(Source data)
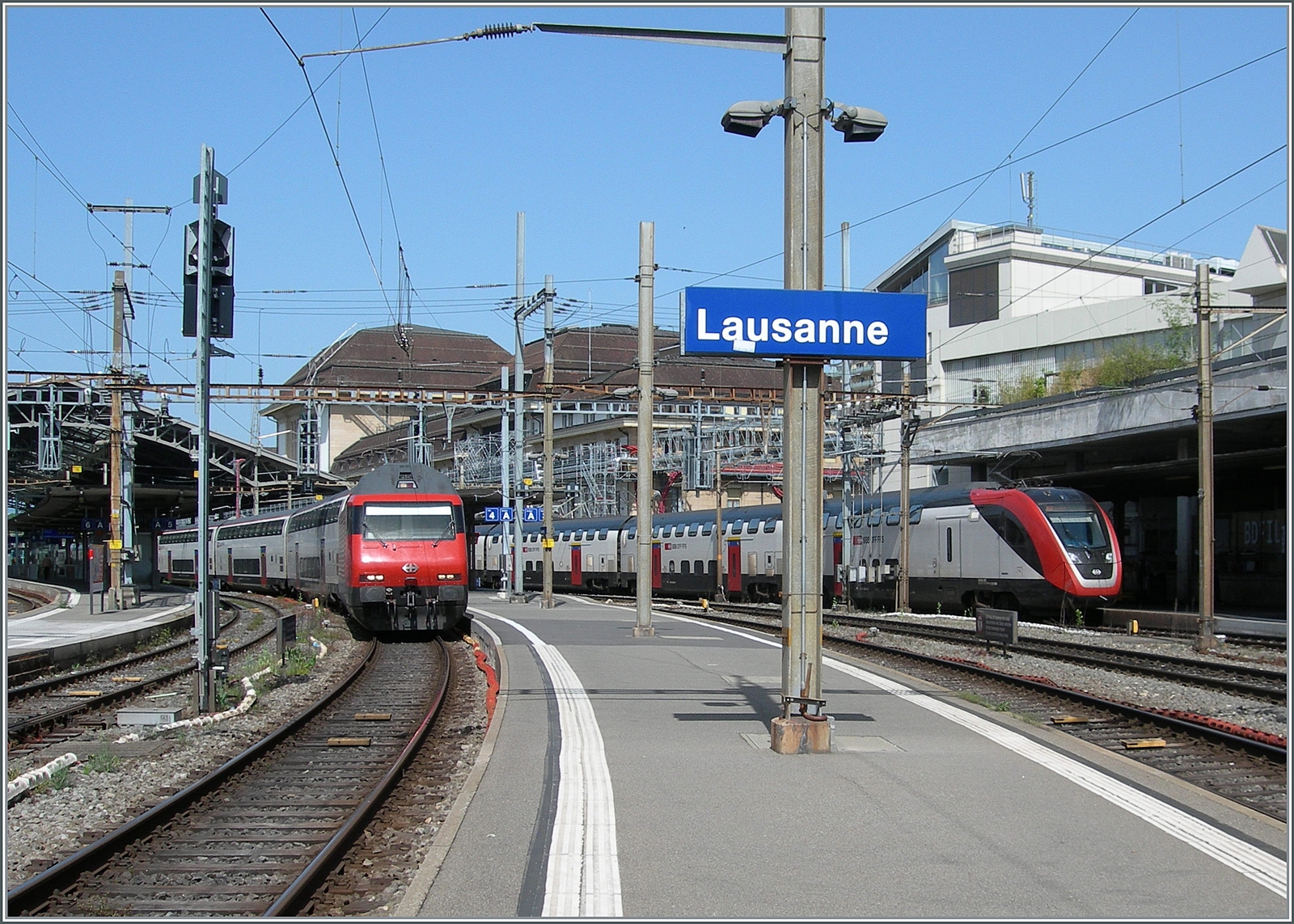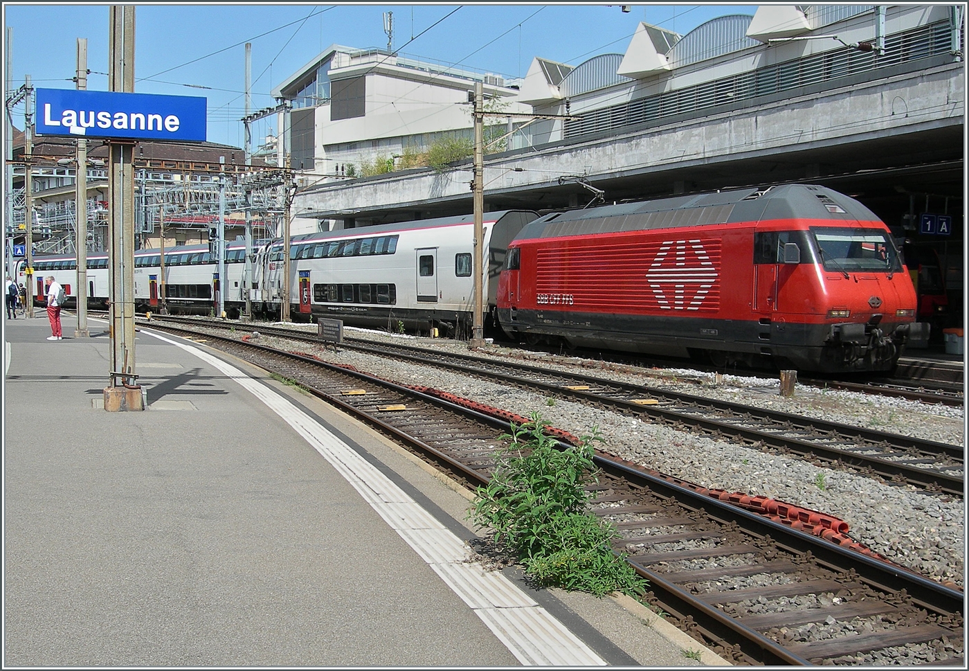 Die SBB Re 460 040-9 fährt mit einem IC nach St.Gallen in Lonay-Préveranges durch.
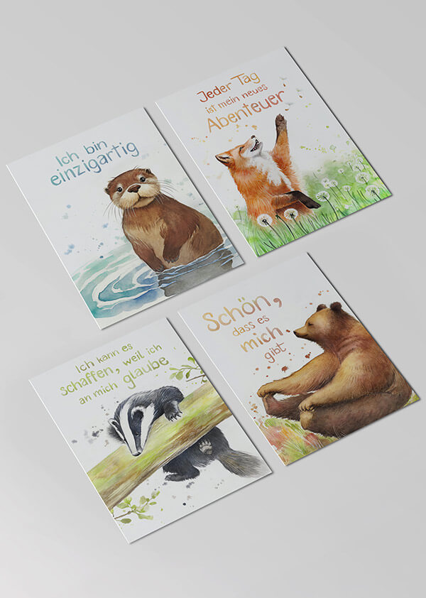 „Wir bedanken uns sehr für die gute und professionelle Zusammenarbeit. Es hat große Freude gemacht, mit Ihnen an der Umsetzung unserer Affirmationskarten für Kinder und Jugendliche zu arbeiten. All unsere Ideen wurden umgehend und mit viel Liebe zum Detail künstlerisch umgesetzt. Das Endergebnis hat unsere Erwartungen weit übertroffen: Ihre Illustrationen sind entzückend gelungen, und die Motive auf den Affirmationskarten drücken genau das aus, was wir jungen Menschen mit auf den Weg geben möchten. Vielen Dank dafür.“
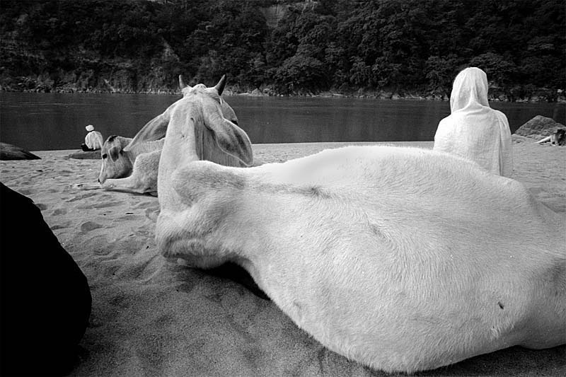 刚出门,被一头牛迎头撞上,低头一看,身上被蹭了不少牛粪,稀稀的、黄黄的,散发着刚出体的芳香,粘在衣裤上、相机上、相机包上分外耀眼。印度的牛都是神牛,难道神牛是从头上排泄不成?
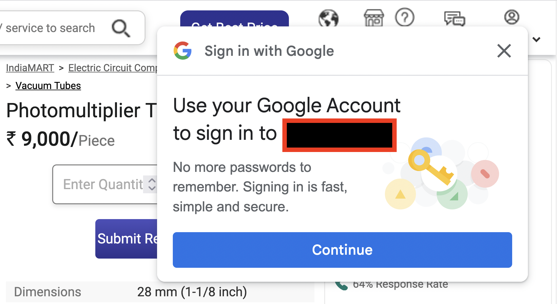 It may be new to you but it's not new. If you tap "Continue," you'll be able to select a Google account and log in using those credentials. And I get the same thing on my Windows computer using both Chrome and Edge. I also get a very similar option if I use Chrome on my Mac. It's a little different because I'm already signed into my personal Google account in Chrome so it doesn't offer me the choice between my two accounts.
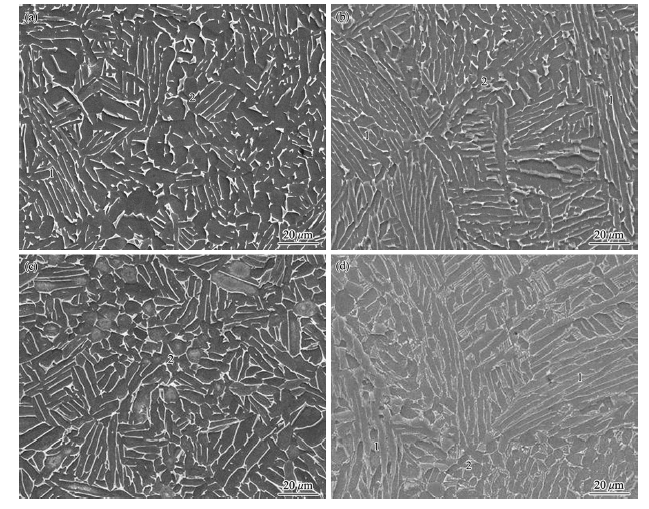 Fig. 7 Microstructure for Ti-6Al-4V powder compacts: a as-HIPed EIGA, b as-HIPed PREP, c heat-treated EIGA, d heat-treated PREP samples. 1 Lamellar α grain gathered in colonies; 2 nodular α grain
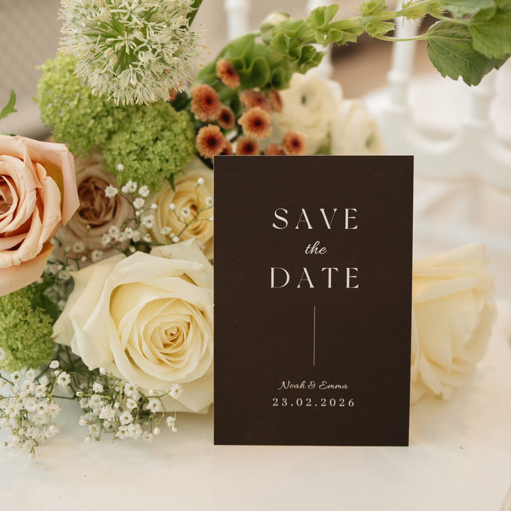 Een klassieke save the date kaart met chocolade bruine achtergrond en witte letters. Pas de kleuren en teksten nog naar wens aan, zodat het past bij de stijl van jullie bruiloft.
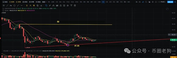 从日线级别来看,从图中可以清楚的看到AVAX在最低价格跌破30美元后迅速反弹,日线级别经过了一个月左右的调整,日线级别底部不断再抬高。并且以最低价格31.35为低点的日线级别大阳线收线涨穿了日线级别5 10MA,可以视作短期日线级别的支撑位置。上方50美元附近可以看做日线级别抛压的高点。目前日线级别企稳,短期AVAX如果价格能超过50美元上方,那么它大概率会继续向年内新高进发。如果日线级别没有突破50 美元上方。那么根据走势,它将会继续回踩日线级别均线附近进行调整。目前AVAX的价格在36.3美元附近,老狗认为是一个可以参与的价格,如果有了解的朋友可以多关注一下。
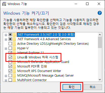 Lunux용 Windows 하위 시스템 체크하고 확인 누르고 재부팅 하기
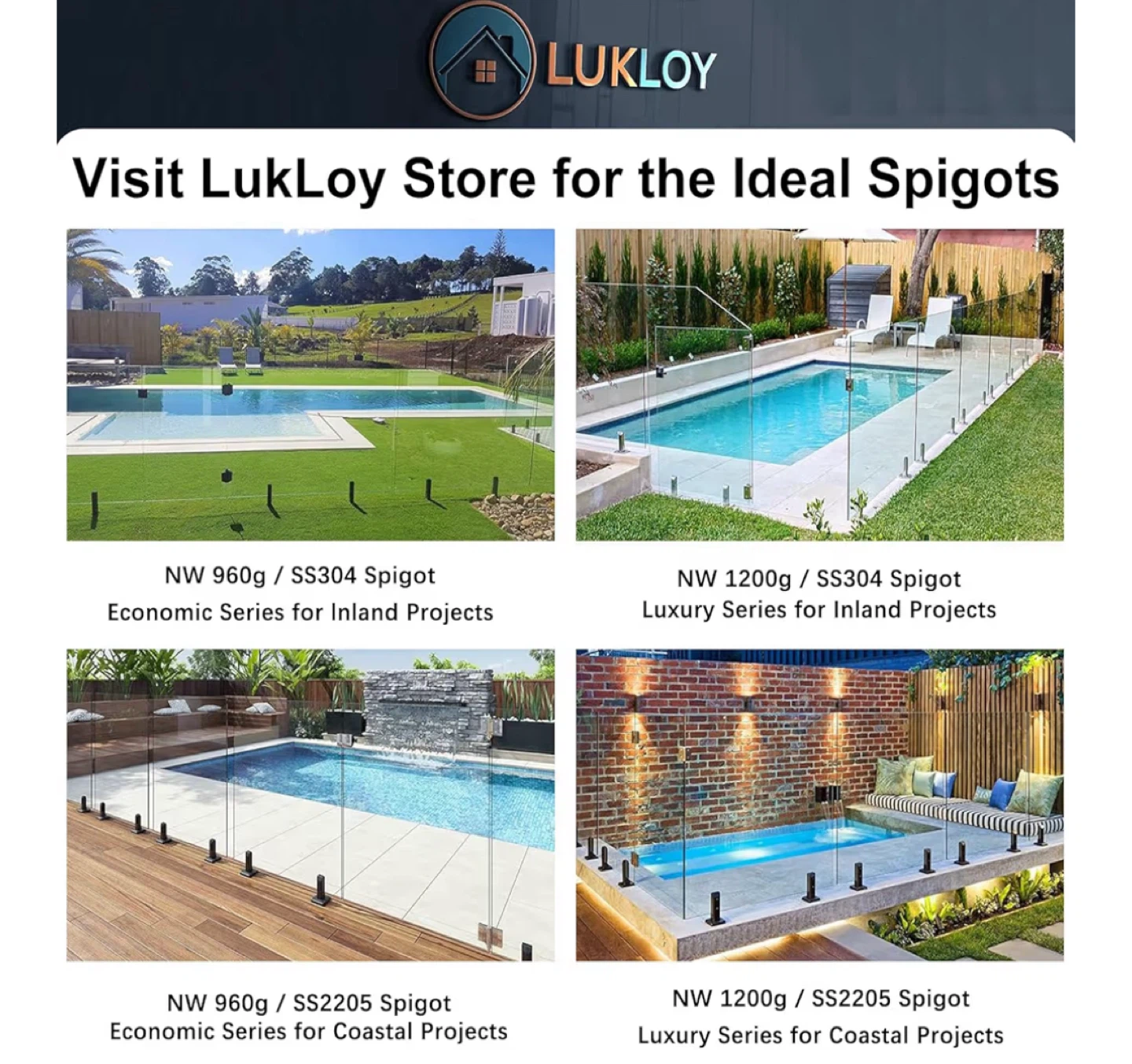 LukLoy 304 Stainless Steel Glass Spigots

Work to complete: Without any pictures, please write out the lines from the one containing "Fig. 7 Microstructure" through the final line of the data, exactly and inclusive of both ends.

Answer space:
 Fig. 7 Microstructure for Ti-6Al-4V powder compacts: a as-HIPed EIGA, b as-HIPed PREP, c heat-treated EIGA, d heat-treated PREP samples. 1 Lamellar α grain gathered in colonies; 2 nodular α grain
 Een klassieke save the date kaart met chocolade bruine achtergrond en witte letters. Pas de kleuren en teksten nog naar wens aan, zodat het past bij de stijl van jullie bruiloft.
 从日线级别来看,从图中可以清楚的看到AVAX在最低价格跌破30美元后迅速反弹,日线级别经过了一个月左右的调整,日线级别底部不断再抬高。并且以最低价格31.35为低点的日线级别大阳线收线涨穿了日线级别5 10MA,可以视作短期日线级别的支撑位置。上方50美元附近可以看做日线级别抛压的高点。目前日线级别企稳,短期AVAX如果价格能超过50美元上方,那么它大概率会继续向年内新高进发。如果日线级别没有突破50 美元上方。那么根据走势,它将会继续回踩日线级别均线附近进行调整。目前AVAX的价格在36.3美元附近,老狗认为是一个可以参与的价格,如果有了解的朋友可以多关注一下。
 Lunux용 Windows 하위 시스템 체크하고 확인 누르고 재부팅 하기
 LukLoy 304 Stainless Steel Glass Spigots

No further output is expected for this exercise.